Description | Documentation | Conditions of Use | Applet Deployment | Version History | Examples | Features


Description

The ChemEquilibria applet provides a web interface for the Equilibria package, which is designed to define an arbitrary chemical system and solve the associated equilibrium problem.

Author: David N. Blauch, Copyright 2000-2014 All Rights Reserved

Current Version: 2.1

Archive: chemEquilibria.jar


Applet Deployment

The ChemEquilibria applet is deployed, in HTML 3.2 and earlier, using the <APPLET> tag, as shown below:

<APPLET
  CODEBASE = "."
  ARCHIVE  = "chemEquilibria.jar,equilibria.jar"
  CODE     = "chemEquilibria.ChemEquilibria.class"
  NAME     = "chemEquilibria"
  WIDTH    = "0"
  HEIGHT   = "0"
  HSPACE   = "0"
  VSPACE   = "0"
  ALIGN    = "middle"
>
<PARAM NAME = "permissions" VALUE = "sandbox">
<PARAM NAME = "IsIdeal" VALUE = "true">
<PARAM NAME = "IsIsobaric" VALUE = "true">
<PARAM NAME = "Pressure" VALUE = "1.000">
<PARAM NAME = "Temperature" VALUE = "298.15">
</APPLET>

The ChemEquilibria applet does not create any graphics, so the size of the applet has been set a size of zero. The codebase indicates the directory containing the archive files. The parameters, which are optional, define certain properties of the chemical system.

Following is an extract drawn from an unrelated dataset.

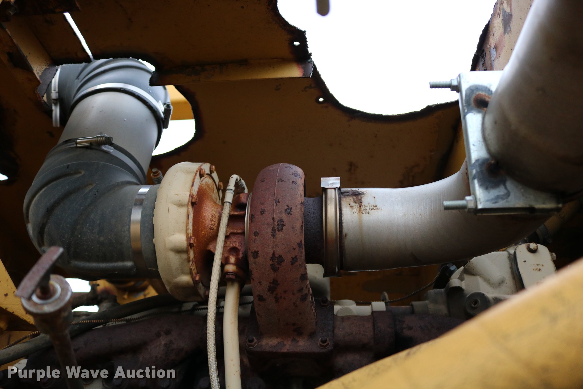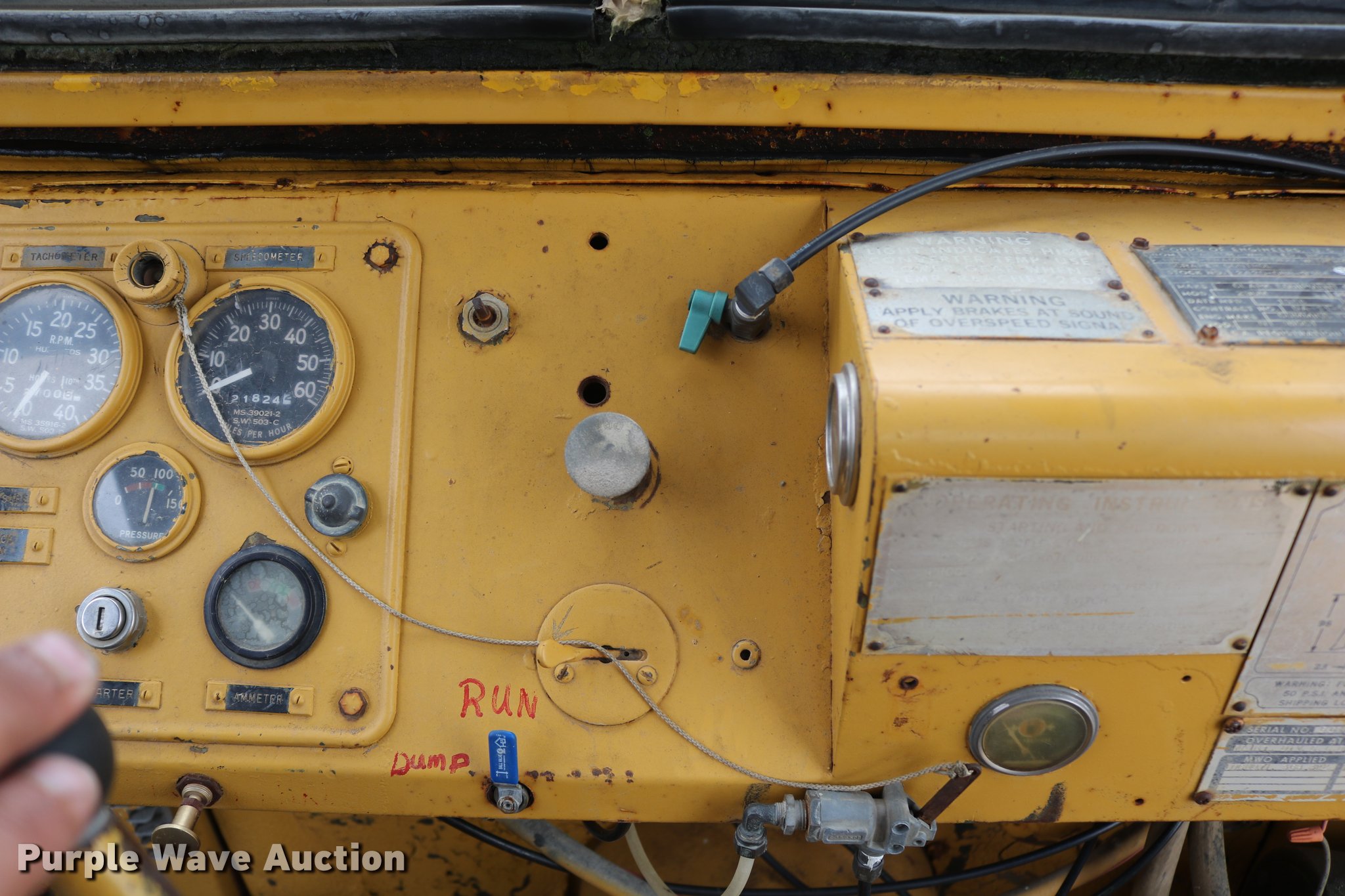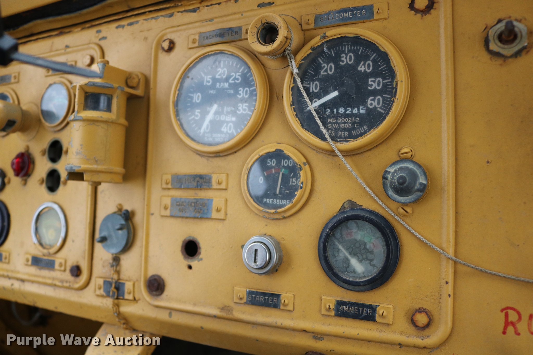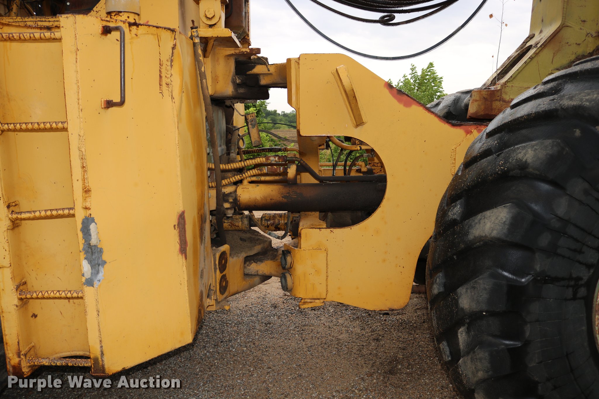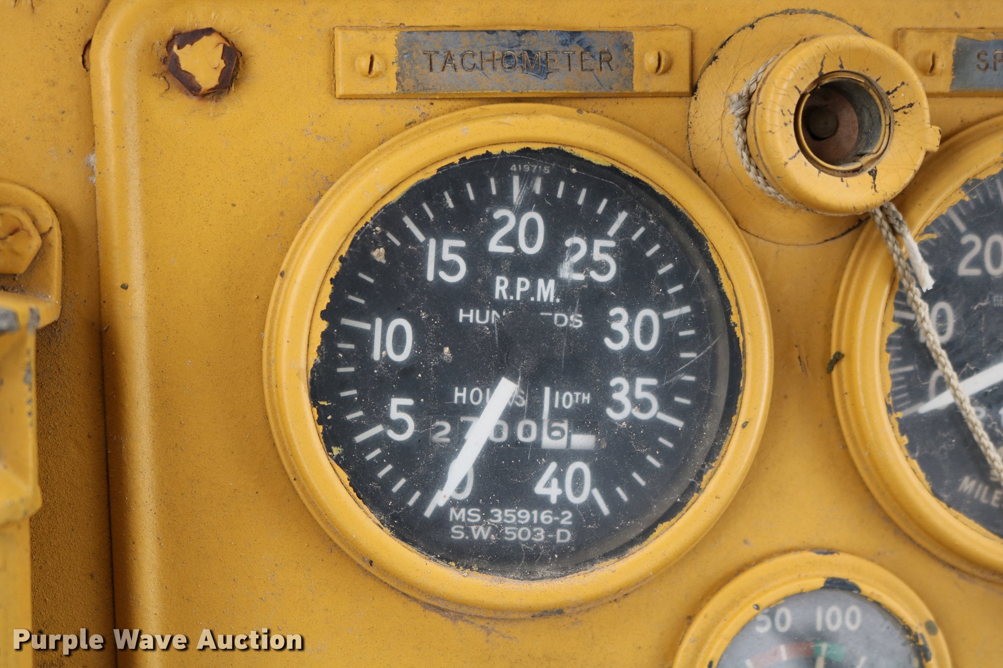 Purple Wave is selling a used Conventional Scraper in Kansas. This item is a Clark 290M conventional scraper with the following: 21,825 miles on odometer, Hour meter replaced, 2,701 hours on meter, 1,452 hours on replaced meter, Cummins 400 six cylinder turbo diesel engine, Manual transmission, 4F-2R gears, Four wheel drive, Enclosed cab, Heat, Suspension seat, Wipers, Backup alarm, 9' bowl width, 18 cu.yd. capacity, Hydraulic lift, Three lever controls, 134" blade, Bolt-on cutting edge, 29.5-29 tires, Windows cracked, Bolt on cutting edges missing, Serial 60523

IsIdeal If true, all activity coefficients are set to unity. Otherwise activity coefficients for solutes are computed using the extended Debye-Huckel equation.
IsIsobaric If true, the pressure of all gas phases are maintained at the system pressure by varying the volume of the phase. If false, all gas phases have a fixed volume and the pressure of the gas can vary.
Pressure This value is the system pressure in atm.
IsIdeal This value is the system temperature in Kelvin.

Version History

1.0 First public release
2.0 Recompiled for Java 1.6
2.1 Jars are now signed.

Examples of Solving Equilibrium Problems

The ChemEquilibria and Equilibria packages can be used to solve an arbitrary equilibrium problem. A series of examples illustrate this process.


Features

Topics



Activity Effects

All computations are performed using species activities. If the isIdeal property of the ChemSystem is true, then all activity coefficients are set to unity. If the isIdeal property is false, the activity coefficients of all pure solid, pure liquid, or gas-phase species are set to unity. The activity coefficients of solutes, however, are estimated using the extended Debye-Huckel equation. The user may explicitly define the ion-size parameter for each ChemSpecies. The default value is 4.5 angstroms. The parameters in the extended Debye-Huckel equations are calculated from the solution dielectric constant and the system temperature using methods defined in the Phase class.


Automatic Charge Balance

Each Solution object provides the option of automatically balancing charge in the solution. When the autoChargeBalance property is true, the parse method in the Equilibria object automatically balances the charge in the system by adding a generic counter-ion solute to the solution in an amount that achieves electroneutrality. The counter-ion is labeled "X+" or "X-", depending upon whether a cation or anion is required, and has a charge of +1 or -1. This feature reduces the number of ChemSpecies and Species that the user must define. Users should exercise caution in using this feature when activity corrections are being performed. The influence of a monovalent spectator ion on the ionic strength of a solution differs from that of a polyvalent spectator ion. (Note: The X+ and X- Species are defined when any Solution is created. It is therefore possible to set the Debye-Huckel ion-size parameter for these Species by retrieving the Species with the phase's getSpecies method and then employing the setIonSize method for the Species.)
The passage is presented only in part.